Researchers with the International Food Policy Research Institute (IFPRI) reported that smallholder farmers were able to witness a 14 percent yield increase in wheat production by applying certified seeds and technologies that could help farmers increase yield.
IFPRI's press statement sent to The Reporter showed that a new study launched last week indicated that Ethiopian smallholder farmers have seen increased yield through the usage of "certified seeds, improved farming techniques and a guaranteed market for the wheat crop," it read.
Alan De Brauw, a senior research fellow and co-author of the study: "The impact of the use of new technologies on farmers' wheat yield in Ethiopia," said that "overall, the 14 percent increase in yield is relatively substantial since farmers were encouraged to simply use existing technologies."
When asked as to what validates the 14 percent wheat production increase and the sustainability of such intervention in a rain-fed agriculture of Ethiopia; Gashaw Tadesse Abate, co-author of the study and research coordinator with IFPRI wrote to The Reporter that a 14% yield increase is achieved in a rain-fed and mostly traditional production environment. "We have a proper comparison group of wheat farmers who were randomly assigned to serve as a control group before the program was implemented and those that do not implement the wheat initiative package. Thus, the 14 percent rise in the yield is the difference on the average yield between the farmers who have implemented the package on their wheat plots and those who didn't," Gashaw said.
The study was designed and conducted based on the government's Wheat Initiative launched back in 2013. The initiative, which the Agricultural Transformation Agency (ATA) launched together with the Ministry of Agriculture and Livestock, initially has covered some 400,000 wheat farmers in 41 woredas (districts) in the country to promote the optimal use of improved technologies and proper implementation of agronomic best practices.
The study mentioned that the main goal of the initiative was set in reducing Ethiopia's reliance on imported wheat by increasing yield and productivity. Hence, the study finds that the wheat initiative was successful in terms of the distribution of improved seed and fertilizer; yet only 61 percent of the intervention group found out to be able to adopt row-planting and few farmers also have received marketing assistances.
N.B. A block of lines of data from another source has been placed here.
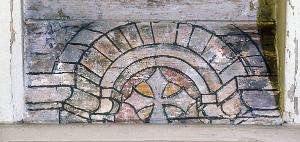 Tavoletta quadrangolare recante un arco a tutto sesto, sotto il quale si trova una croce aguzza.
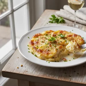 Gratin de pommes de terre à la crème d'ail et noix de muscade
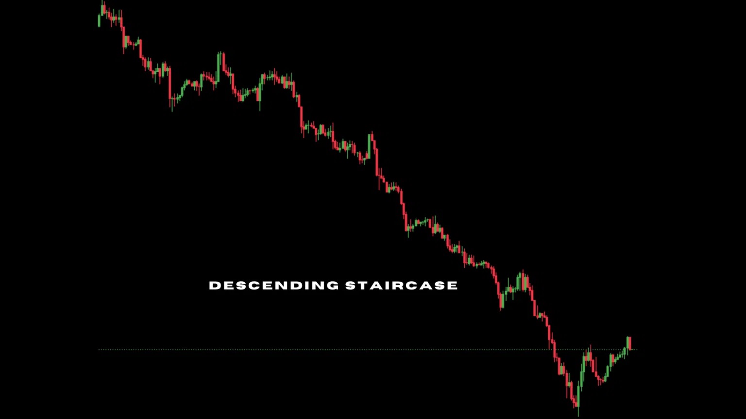 - Klesající schody: série nižších maxim a minim → medvědí trend.
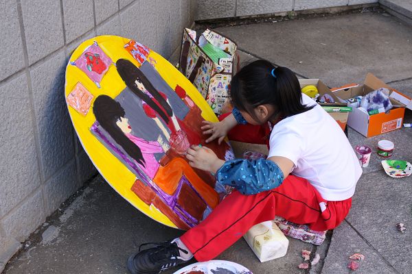 5月29日下午,温暖的阳光,清凉的树荫下,小学部三—六年级“我与美德有约”KT板马路画大赛,在理工附校校园里火热地进行着。
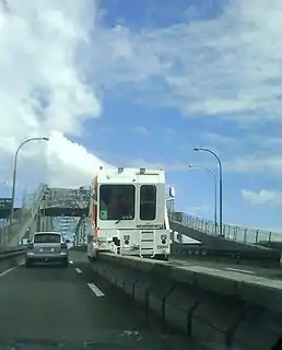 The Auckland Harbour Bridge is an eight-lane motorway bridge over the Waitematā Harbour in Auckland, New Zealand. It joins St Marys Bay on the Auckland city side with Northcote on the North Shore side. It is part of State Highway 1 and the Auckland Northern Motorway. The bridge is operated by the NZ Transport Agency (NZTA).[4] It is the second-longest road bridge in New Zealand, and the longest in the North Island.[5]
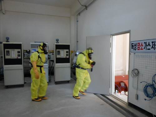 훈련에서는 살균 소독용 염소가스 유입배관 일부가 파손돼 독성가스가 누출 되는 가상의 시나리오를 통해 최초 사고신고 및 부상자 후송, 인근 주민대피 요령 등 초동 대응훈련과 안전사고 대응체계 전반에 대해 모의 훈련을 진행했다.

The researchers indicated that though the yields are remarkable; it is coming at gradual pace and that expectations might not meet with the outcome. The government of Ethiopia expected yields under the program to double. "However, such high expectations may not be realistic in the case of Ethiopian wheat farming," De Baruw suggested.
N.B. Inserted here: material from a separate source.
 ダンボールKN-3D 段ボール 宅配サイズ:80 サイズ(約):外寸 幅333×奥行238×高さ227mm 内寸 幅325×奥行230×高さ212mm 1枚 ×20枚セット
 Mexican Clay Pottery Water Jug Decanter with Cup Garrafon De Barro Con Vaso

According to some literature, certified seed is grown under stringent production requirements and has minimal weed-seeds or other matter. Countries like Ethiopia who depend mostly on local seed varieties often find it difficult to source certified seeds multinational companies provide. Prices and availability and dependency issues are common narratives in such cases.
Reacting on matters of seed market monopoly and farmers low-level bargaining power, De Baruw said that Ethiopia faces no problems with regard to seed monopoly markets. However, he suggested that the private sector players should be allowed to play a role in the market to create more competitive environment so that it is possible for farmers to have options to bargain.
IFPRI, once headquartered in Ethiopia and moved out to Kenya, was established in 1975 to identify and analyze alternative national and international strategies and policies for meeting the food needs of the developing world, with emphasis on low-income countries and on the poorer groups in those countries. Both Gashaw Tadesse and De Brauw were joined by research fellows Nicholas Minot and Tanguy Bernard.